I once read this comic book about Dracula running around in our modern age, and how one evening he decided to pop into the White House to have a word with the President. If you’ll remember: old-school vampires can turn into fog or various beasts at will. Anyway, he met with the President, eventually got bored, and then mesmerized him, making him a lapdog for his Satanic endeavors.

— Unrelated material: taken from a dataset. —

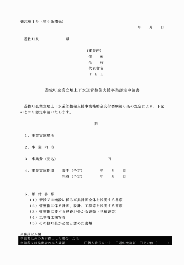 第6条 補助金の交付を受けようとする者(以下「申請者」という。)は、管整備の着手の前に、遊佐町企業立地上下水道管整備支援事業認定申請書(様式第1号)に、次に掲げる書類を添えて町長に提出しなければならない。

This story stuck with me, and on occasion I imagine myself having vast Dracula-ish or Gandalf-like powers and privately popping in on various celebrities and world leaders. My meeting with the President would undoubtedly start with the phrase, “Dude, what the fuck? Seriously.” During this visit, we’d chat - or I’d chat, as the other sat frozen in place by my mystical powers, forced to listen - and then I’d teleport out before his next appointment (or in the case of the current administration: tee time). As I drove home from work today I daydreamed about the calamitous plight of Britney Spears (as I often do), and how I would like to teleport into her life one evening with the intent of performing some sort of supernatural intervention. That would involve me taking Britney on a “Ghost of Christmas Future” tour of her life, or perhaps just bonking her over the head with my warlock staff.
Of course in today’s society, people with wizard powers are limited to table-top dice games and the convention floor of the San Diego ComiCon. So who is left to help straighten Britney out, if not those adept in transfiguration? Perhaps the kind folks from the Church of Scientology should make a run at her. They’ve got the money and resources, and always seem keen on enlisting new celebrity clients. Instead of wasting time of trying to recruit stars like Will Smith - who clearly already have their shit together - they should be trying to snatch-up a troubled starlet and help turn her life around. I have no idea what goes into that process, but I imagine it involves someone getting out their checkbook. It’d be a major score for them if it worked out. Maybe they’ve already thought of this and decided against it, realizing that it was way too insensitive or near impossible. Or perhaps they don’t really have the resources, seeing that much of it goes into Tom Cruise videos and super-deluxe cruise ships. Either way, they’re probably not as evil as I give them credit for - something I definitely can’t say about that Dracula.